ESXi hosts logs were reporting below alerts :

vmkernel: cpu0:28180886)0x4539b351bec0:[0x420001e03e1e]UserObj_FDClose@vmkernel#nover+0xbb stack: 0x0, 0x43276d802010, 0x4539b351bf40, 0x0, 0x3
vmkernel: cpu0:28180886)0x4539b351bf00:[0x420001dc84d2]LinuxFileDesc_Close@vmkernel#nover+0x1b stack: 0x0, 0x0, 0x3, 0x0, 0x0
vmkernel: cpu0:28180886)0x4539b351bf10:[0x420001dd333c]User_LinuxSyscallHandler@vmkernel#nover+0xd9 stack: 0x3, 0x0, 0x0, 0x420001ea10c7, 0x103
vmkernel: cpu0:28180886)0x4539b351bf40:[0x420001ea10c6]gate_entry@vmkernel#nover+0xa7 stack: 0x0, 0x3, 0xa9b5d7f96b, 0x1, 0xa9766ee7d0
vmkalert: cpu0:28180886)ALERT: BC: 3042: File host-3216-hb closed with dirty buffers. Possible data loss.

The smartpqi device driver was reporting continuous aborts prior to the issue.
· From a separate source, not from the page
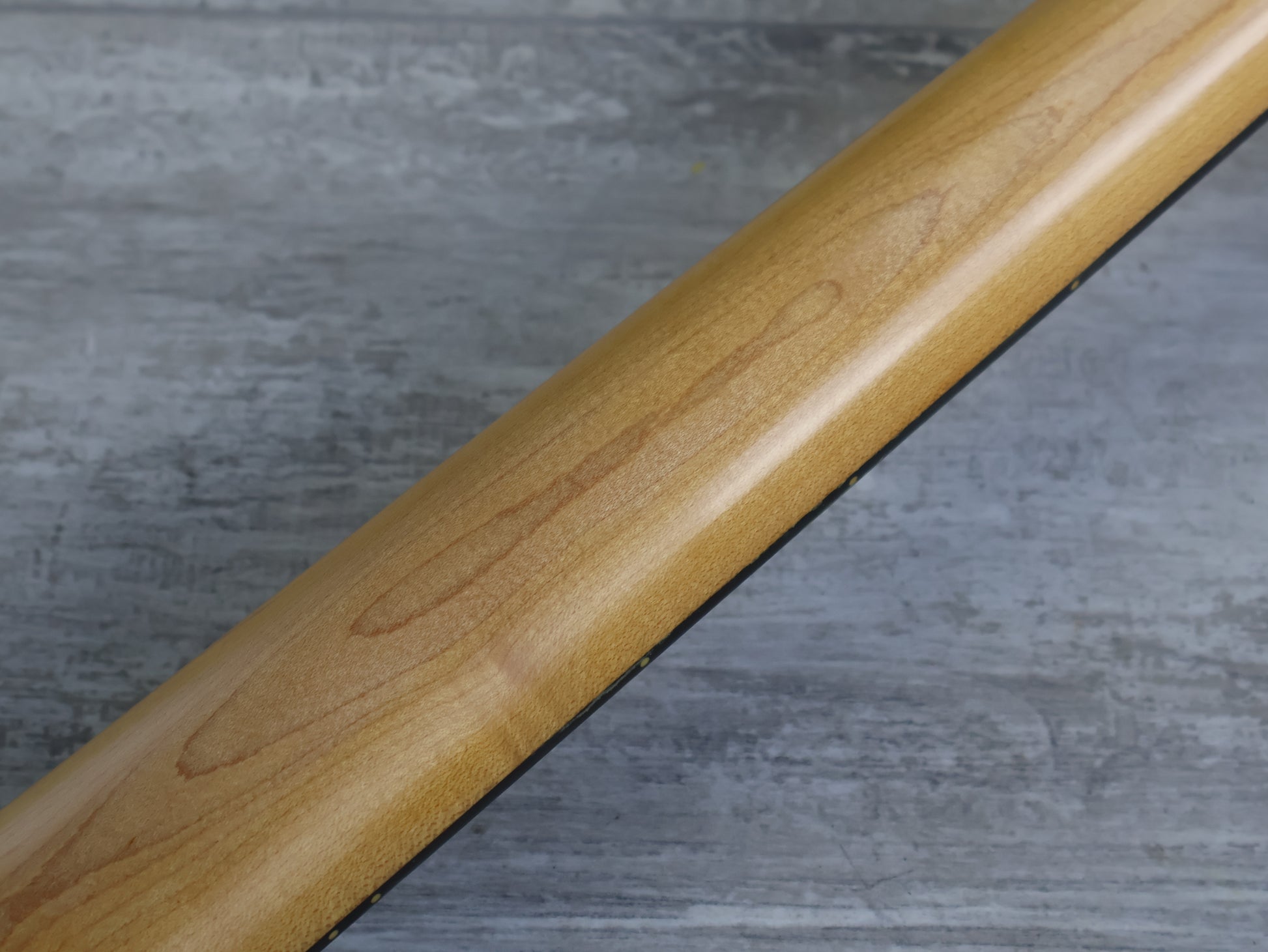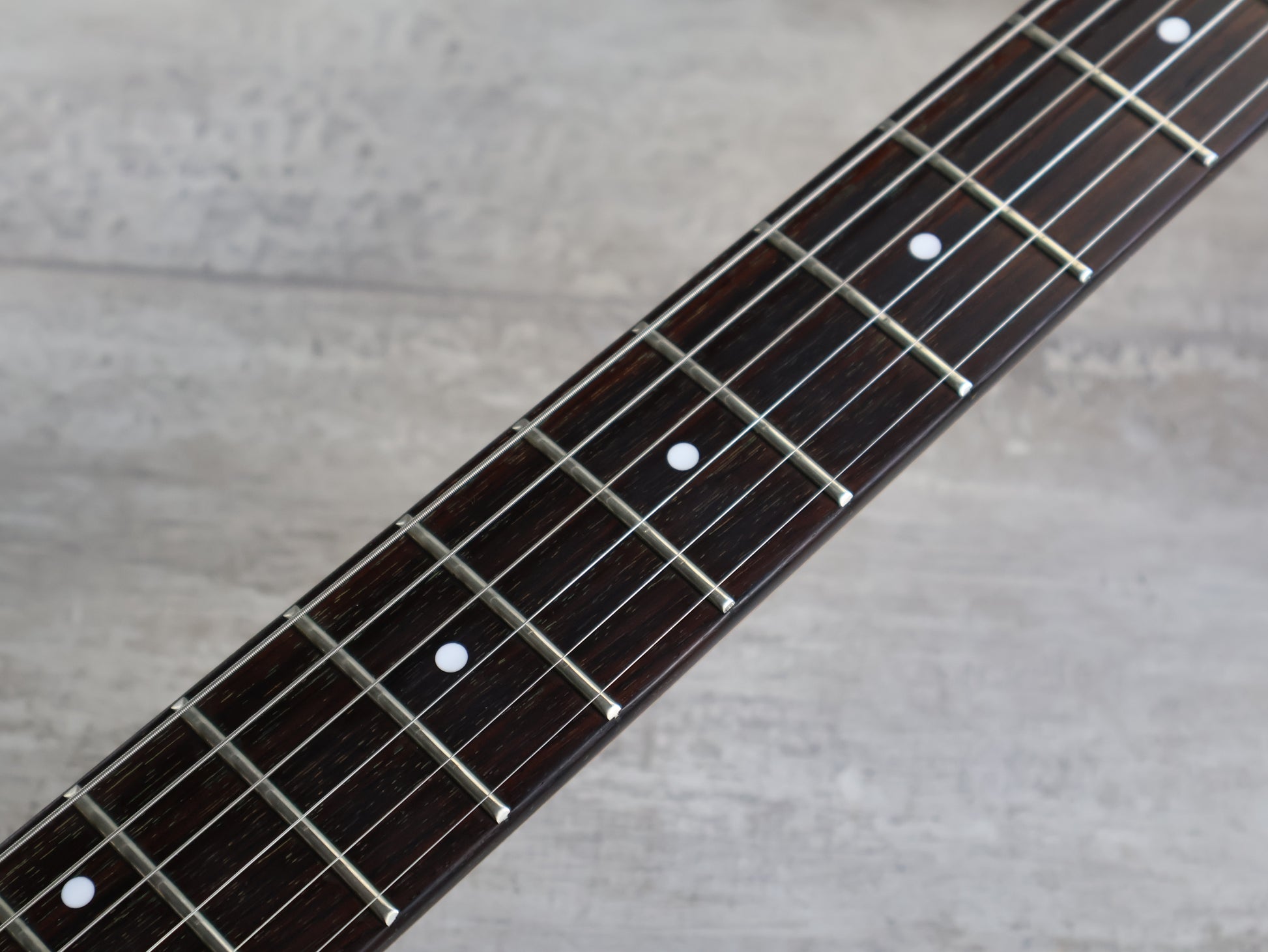 Made in Japan by Fernandes in 1990, the TEJ is an ultra-modern variation on the Fender Telecaster design. Basswood body bolted to a painted maple neck with a 22 fret rosewood fingerboard (13.75" radius, 648mm scale length, 43mm nut width), it weighs 3.5kg's.

vmkwarning: cpu13:2098252)WARNING: smartpqi: pqisrc_taskMgmt:1832 :[18:0.0][B:T:L 1:0:1]:TMF virt reset is failed with status : -1
vmkernel: cpu13:2098252)smartpqi01: pqisrc_taskMgmt:1816: TMF virt reset Issued for CMD : 2a B:T:L 1:0:1 with req tag : 0x1dc cmd tag 0x7fc
vmkwarning: cpu13:2098252)WARNING: smartpqi: pqisrc_taskMgmt:1832 :[18:0.0][B:T:L 1:0:1]:TMF virt reset is failed with status : -1
vmkernel: cpu13:2098252)smartpqi01: pqisrc_taskMgmt:1846: (virt reset) DONE

Continuous heartbeat failures and lost-connection errors were reported in the vobd logs, indicating a loss of connectivity.

Hostd[11866817] [Originator@6876 sub=Vimsvc.ha-eventmgr] Event 229879 : Lost access to volume 61386e5c-####-####-####(datastore-####) due to connectivity issues. Recovery attempt is in progress and outcome will be reported shortly.
vobd[2097666] [vmfsCorrelator] 7527998493616us: [esx.problem.vmfs.heartbeat.recovered] 61386e5c-####-####-####datastore-xxxx
vobd[2097666] [vmfsCorrelator] 7527924835979us: [vob.vmfs.nfs.server.disconnect] Lost connection to the server omni.cube.io mount point ####-####-####-####-####, mounted as 37b66ae5-####-####-####("ESXihostname")
vmkernel: cpu0:2097549)StorageApdHandlerEv: 120: Device or filesystem with identifier [37b66ae5-d0798f0a] has entered the All Paths Down Timeout state after being in the All Paths Down state for 140 seconds. I/Os will now be fast failed.
The device was reporting continuous I/O latency fluctuations, with repeated warnings of performance degradation followed by brief recovery events.

vmkernel: cpu10:2098226)ScsiDeviceIO: 1780: Device naa.#### performance has improved. I/O latency reduced from 1008973 microseconds to 120544 microseconds.
vmkwarning: cpu0:2098219)WARNING: ScsiDeviceIO: 1780: Device naa.#### performance has deteriorated. I/O latency increased from average value of 7547 microseconds to 1124595 microseconds.
vmkernel: cpu17:2098222)ScsiDeviceIO: 1780: Device naa.#### performance has improved. I/O latency reduced from 1124595 microseconds to 164883 microseconds.
vmkwarning: cpu1:2098219)WARNING: ScsiDeviceIO: 1780: Device naa.#### performance has deteriorated. I/O latency increased from average value of 10667 microseconds to 922829 microseconds.

Environment

VMware vSphere (All Versions)

Cause

The smartpqi driver began issuing continuous abort commands, which led to a communication breakdown between the ESXi storage stack and the physical storage controller. The controller was unable to process IO requests, resulting in severe I/O latency spikes. These latency conditions ultimately caused the storage paths to fail and triggered an All Paths Down (APD) state.As a result of the abrupt loss of storage connectivity, the ESXi host was forced to close active file handles while write operations were still pending in memory (dirty buffers). Because these buffers could not be flushed to persistent storage before the paths were lost, ESXi triggered a “Possible Data Loss” alert.

Resolution

To validate the root cause of the aborts, it is recommended to contact the hardware vendor for further investigation.

Additional Information

Receiving "closed with dirty buffers. Possible data loss." alerts for VMFS datastores.